» About this task
Output, exactly as written, the lines below starting at the line containing "The Richest rates" and ending at the line containing "Tamtam千葉店 ゴールデンウィークイベント 5月4日はこちらのイベント開催致します". Drop the pictures and keep both end lines.

*** Extracted information Section Begins ***

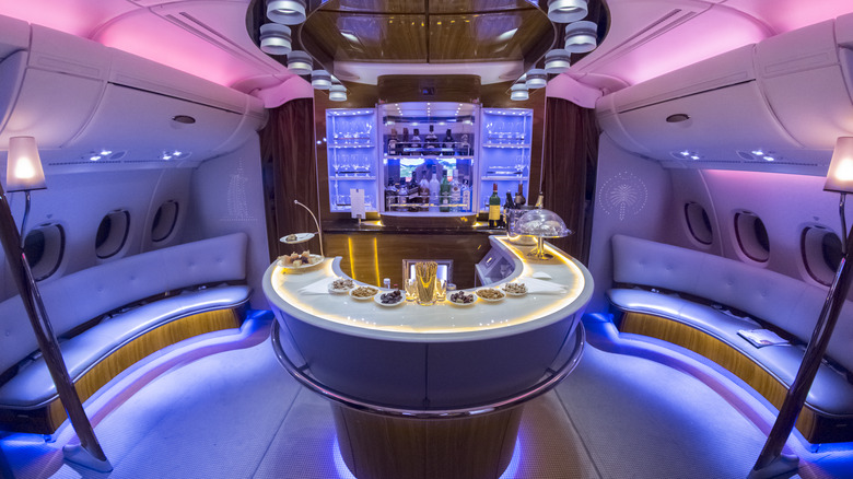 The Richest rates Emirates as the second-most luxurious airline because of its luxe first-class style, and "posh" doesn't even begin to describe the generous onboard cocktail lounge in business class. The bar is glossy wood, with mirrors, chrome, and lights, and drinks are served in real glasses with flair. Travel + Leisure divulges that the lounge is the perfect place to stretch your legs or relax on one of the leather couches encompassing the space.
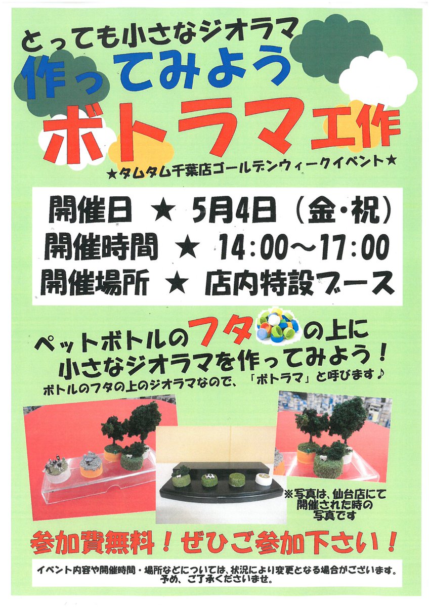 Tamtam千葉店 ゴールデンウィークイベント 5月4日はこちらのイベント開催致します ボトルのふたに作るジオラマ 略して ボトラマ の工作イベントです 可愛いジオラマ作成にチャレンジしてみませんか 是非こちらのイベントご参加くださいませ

*** Extracted information Section Ends ***
*** Extracted information Section Begins ***

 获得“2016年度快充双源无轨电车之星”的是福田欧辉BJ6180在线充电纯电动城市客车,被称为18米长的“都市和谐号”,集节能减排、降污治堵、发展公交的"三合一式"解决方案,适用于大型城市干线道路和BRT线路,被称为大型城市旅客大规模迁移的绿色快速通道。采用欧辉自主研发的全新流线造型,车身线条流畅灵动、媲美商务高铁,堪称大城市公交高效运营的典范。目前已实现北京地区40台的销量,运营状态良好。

*** Extracted information Section Ends ***
*** Extracted information Section Begins ***

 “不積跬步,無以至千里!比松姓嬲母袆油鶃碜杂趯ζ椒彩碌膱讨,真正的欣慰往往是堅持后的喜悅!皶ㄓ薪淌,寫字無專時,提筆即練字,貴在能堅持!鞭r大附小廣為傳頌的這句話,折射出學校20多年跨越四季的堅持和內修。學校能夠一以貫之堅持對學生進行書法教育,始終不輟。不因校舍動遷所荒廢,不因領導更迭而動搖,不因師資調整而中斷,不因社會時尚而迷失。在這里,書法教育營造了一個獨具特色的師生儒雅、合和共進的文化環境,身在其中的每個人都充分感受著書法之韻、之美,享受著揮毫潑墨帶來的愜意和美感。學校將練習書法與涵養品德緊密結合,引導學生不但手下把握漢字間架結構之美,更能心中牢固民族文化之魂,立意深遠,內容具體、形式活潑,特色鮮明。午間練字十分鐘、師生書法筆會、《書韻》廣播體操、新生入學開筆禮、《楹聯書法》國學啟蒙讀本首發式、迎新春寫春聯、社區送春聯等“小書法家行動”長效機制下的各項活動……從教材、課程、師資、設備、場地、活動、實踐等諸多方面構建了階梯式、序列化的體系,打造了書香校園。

*** Extracted information Section Ends ***

» Completed exercise
 The Richest rates Emirates as the second-most luxurious airline because of its luxe first-class style, and "posh" doesn't even begin to describe the generous onboard cocktail lounge in business class. The bar is glossy wood, with mirrors, chrome, and lights, and drinks are served in real glasses with flair. Travel + Leisure divulges that the lounge is the perfect place to stretch your legs or relax on one of the leather couches encompassing the space.
 Tamtam千葉店 ゴールデンウィークイベント 5月4日はこちらのイベント開催致します ボトルのふたに作るジオラマ 略して ボトラマ の工作イベントです 可愛いジオラマ作成にチャレンジしてみませんか 是非こちらのイベントご参加くださいませ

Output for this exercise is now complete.